New podcast! Introducing the Very Important Podcast on The Substream

Mamo and The Substream are proud to present our brand new podcast! As an offshoot of Matt Price’s series on The Substream, Very Important Dudes and Dudettes In Film History, Team Mamo and Team Substream have come together to make a fiendish podcast-baby.

We call it The Very Important! Podcast.

Our aim is to do these roughly monthly, with a panel discussion of the career, themes, and influences of one or more Very Important Dude or Dudette in Film History. We kick things off with the Wachowskis, co-directors of Cloud Atlas. Joining us on the panel this month is special guest star / Row Three podcasting guru Kurt Halfyard.

The podcast is being submitted to iTunes even as I write this, and in the meantime you can listen to the show over on The Substream.

Matt Brown
Matt Brown co-hosts the Mamo!, Super Zero, Get Your Cast To Mars, and My So-Cast Life podcasts, and has a weekly column at Screen Anarchy called Destroy All Monsters. Imagine Thor crossed with a 12-year-old girl.


    • If you are talking about direct download, based on my experience researching my “on again, off again” plans to do my own podcast, it can be difficult to find good podcast hosting (especially since most require you to pay for bandwidth).

      I actually like The Substream’s idea to use SoundCloud. I might copy it if I get the podcasting bug again. 😛

    • We are working on getting the podcast up in the iTunes store. There is a global iTunes error this week which is preventing new podcasts from being added. Once that’s cleared up, it will be downloadable.

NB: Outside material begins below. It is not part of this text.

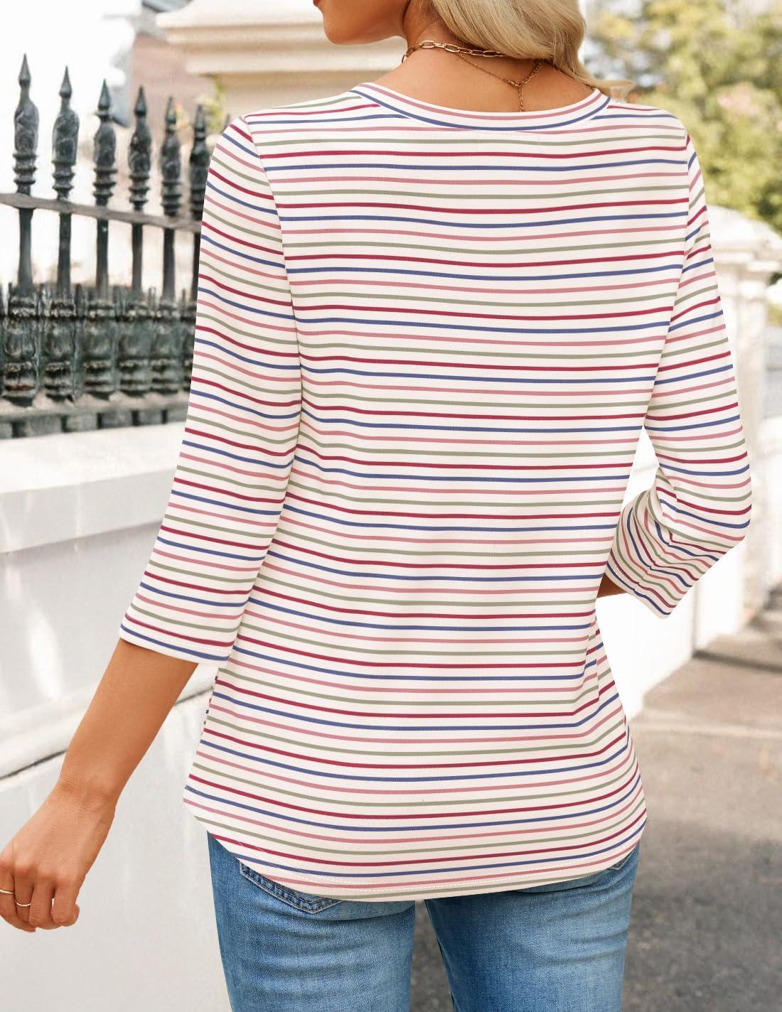 Be the first to review “ZESICA 3/4 Length Sleeve Womens Tops 2025 Fall Boho Striped Henley Shirts Dressy Casual Blouses(White)”

  1. The ‘how come nobody’s seeing their movies’ argument is so weak, especially when Mike expects Speed Racer to be the Wizard of Oz.

    I’d say more like… Children of Men. or Scott Pilgrim. Nobody saw them in theaters, and both are still not HUGE whatsoever, but it’s around the level of Speed Racer in terms of people who own it, and have devoted proponents.

    • I wish the podcast followed a more free flowing structure–more Mike, Halfyard, and Price arguing with each other. As it is, it is still a pretty neat podcast.

      • Thanks for your feedback guys, please feel free to leave comments on the Substream page as well if you like.

        We are, of course, actively fine-tuning the format over the first few shows and will take any feedback under consideration.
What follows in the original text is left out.